英美法系一個重要特徵是判例法。可是美國經常見到有成文法比如《與台灣關係法》《謝爾曼反壟斷法》《統一商法典》之類。這是為什麼呢?
加州的制定法數量就要比整個歐洲大陸的制定法還要多。
——約翰·亨利·梅里曼:《大陸法系》
1?普通法的英格蘭故事
普通法系(私以為英美法系/大陸法系的叫法並不能直接和準確反映兩套法系的特徵,我一般使用美國人更普遍稱呼的普通法系/民法法系)的來源是中世紀英格蘭普通法。中世紀普通法是由英格蘭王室法院所適用,並逐漸擴展為全英格蘭普遍適用的法律體系。普通法的一大特點就是,通過陪審制、王室巡迴法院等制度,國王的法院在令狀的指引下,在個案審判中「發現」英格蘭的「習慣」,形成一個個判例,進而在中世紀晚期依據遵循先例(Stare decisis)原則,形成一套穩定的判例法體系。
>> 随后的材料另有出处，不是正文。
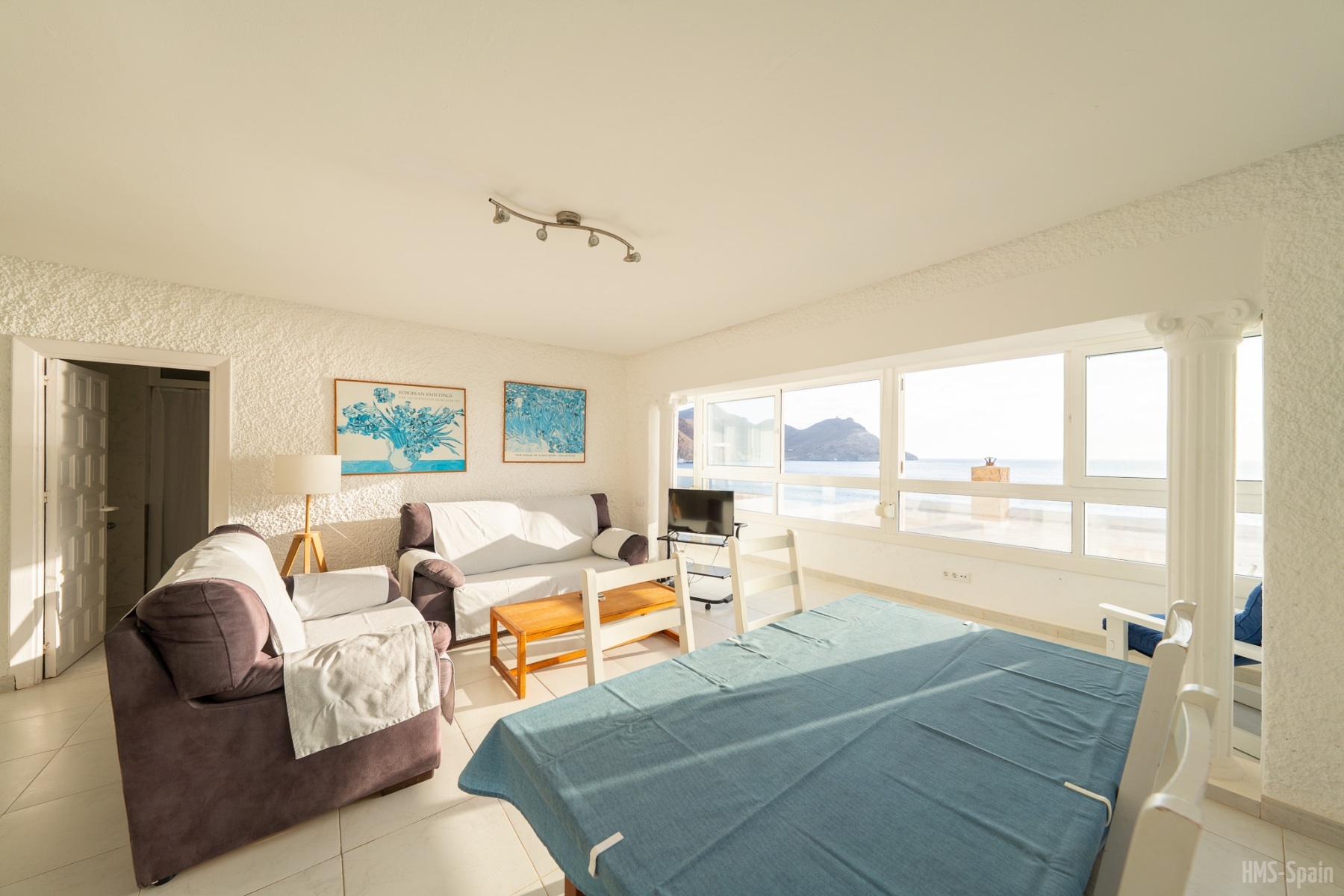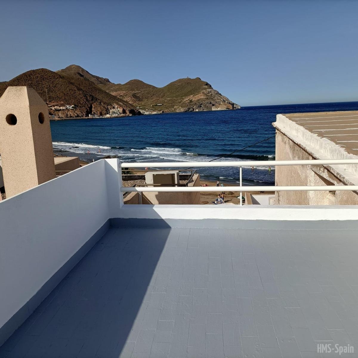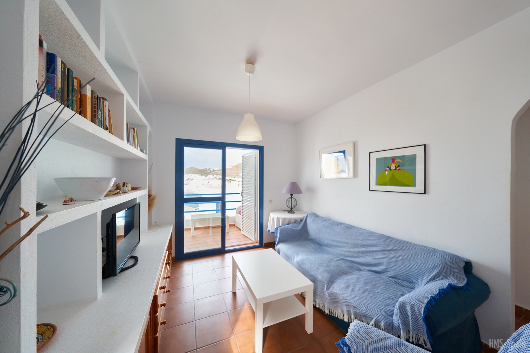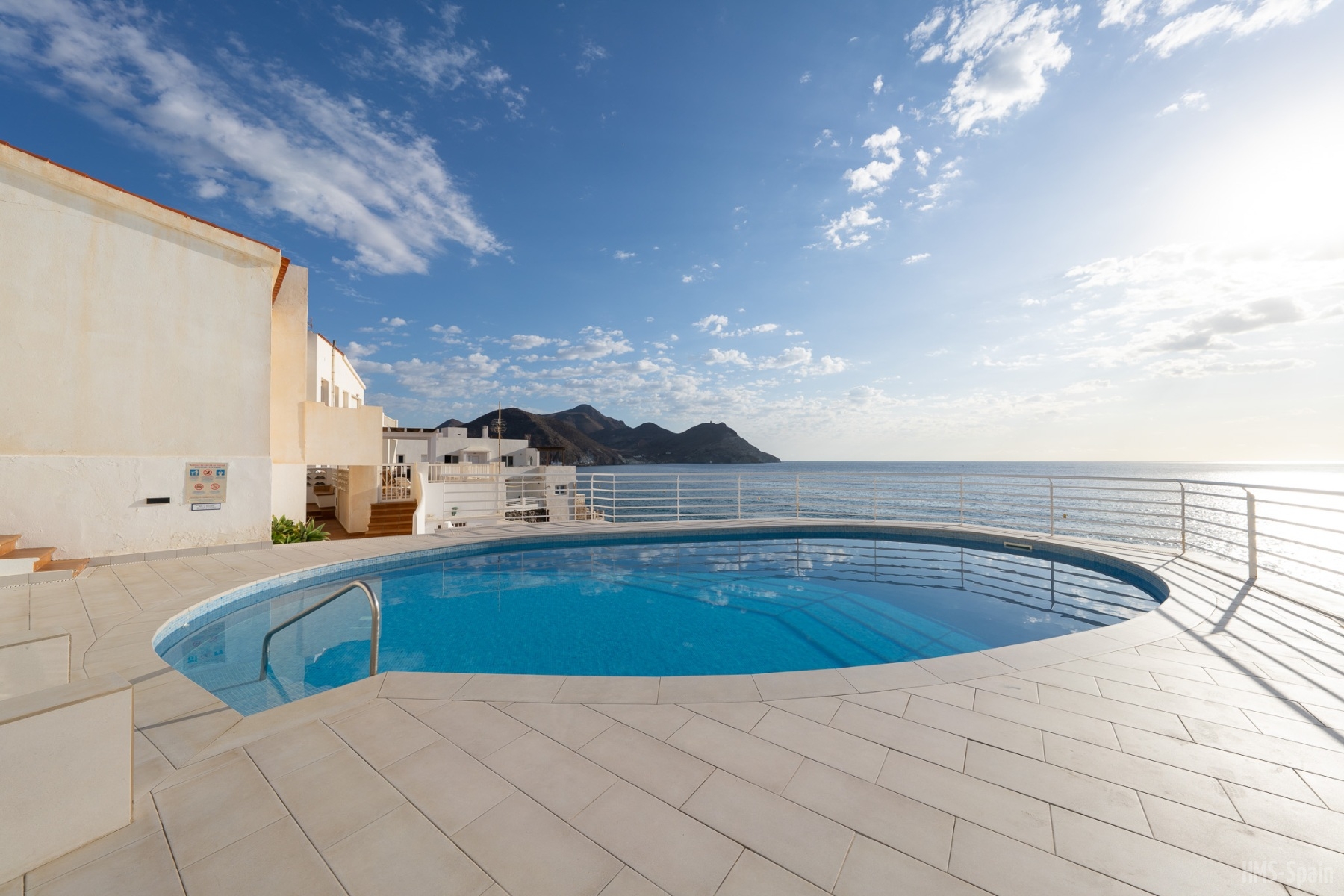 Apartamento ubicado en el parque natural de Cabo de Gata, en primera linea de playa. Con vistas espectaculares. Dispone de una piscina comunitaria sobre las rocas del mar, bajada privada al mar, la playa más próxima esta a escasos 5 minutos a pie.
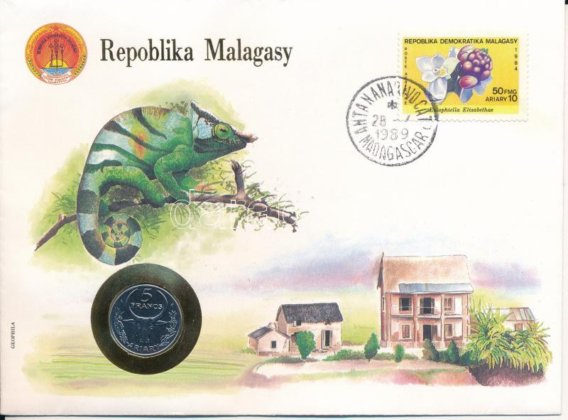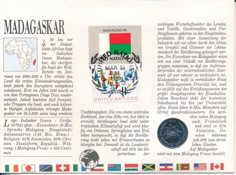 Madagaszkár 1986. 5Fr Cu-Ni felbélyegzett borítékban, ENSZ bélyegzéssel, német nyelvű leírással T:UNC
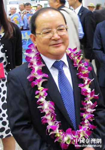 江西省省长鹿心社在台北桃园机场接受媒体采访。(图片来源:江西省台办)
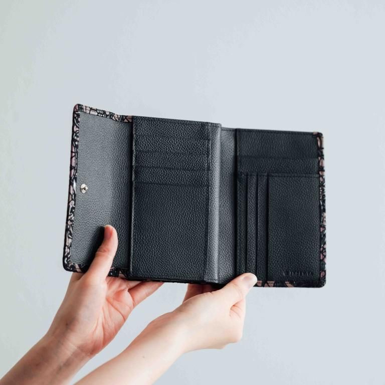 コンパクト感と実用的な容量を兼ね備えた二つ折りのミドルウォレットです。
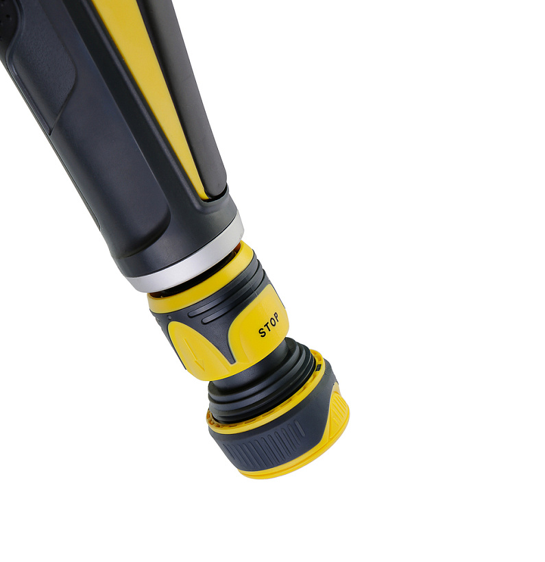 Универсальное крепление: Подходит для стандартных садовых шлангов с диаметром 1/2" или 3/4" (фитинг в комплекте).Надежное соединение предотвращает протечки и обеспечивает плотную фиксацию.
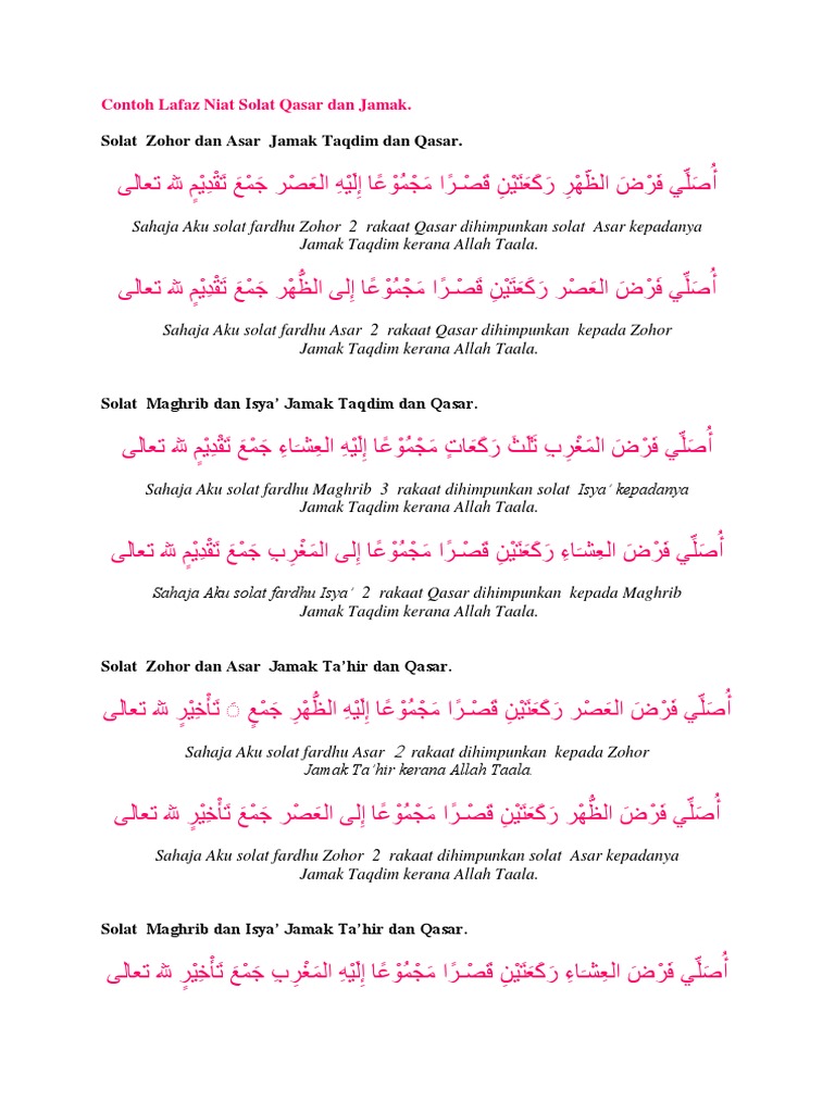 Solat yang boleh dipendekkan menjadi dua rakaat ialah solat isyak zohor dan asar. Simak ulasan tentang sholat bagi musafir sholat qashar niat sholat qashar sholat jamak dan niat sholat jamak pada artikel ini. Niat solat jamak dan qasar serta cara melaksanakannya. Solat ini terbahagi kepada dua iaitu jamak takdim dan jamak takhir.
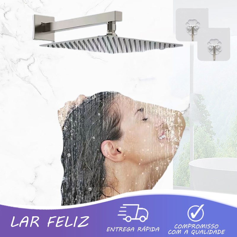 Ducha Chuveiro Quadrado 20x20 em Aço Inox + Braço 40 cm

普通法的發展依靠的是國王權力,在同其他法律體系的競爭中取得優勢。地方封建領主和自治團體適用的封建法和陪審制相比,過於粗俗野蠻,管轄權被王室法院一步步侵蝕;教會法院適用的是承繼自羅馬法的教會法,具有強烈的羅馬法的成文化特徵,但它的管轄範圍由於王權和教權的鬥爭而受到限制,直到亨利八世宗教改革而歸於失敗;在海商法領域則和歐陸一樣,一直適用著羅馬法化的海商法。
制定法是由國王或者國王的議會制定的成文法律。關於中世紀制定法與成文法的關係,我的觀點是:
a.二者都是來自於王權的法律,本質上並不是矛盾和衝突的;b.從事實和邏輯上看,制定法直接體現國王的意志,制定法的效力高於普通法,法官在審判中優先適用的制定法;c.普通法構建起一套法律制度和理論的大廈,構成了英格蘭王室法律體系的主體和支柱,這是制定法所無法突破的。打個比方就是,英格蘭法是一棟房子,普通法就是磚瓦房梁,制定法是招牌門面,缺一不可。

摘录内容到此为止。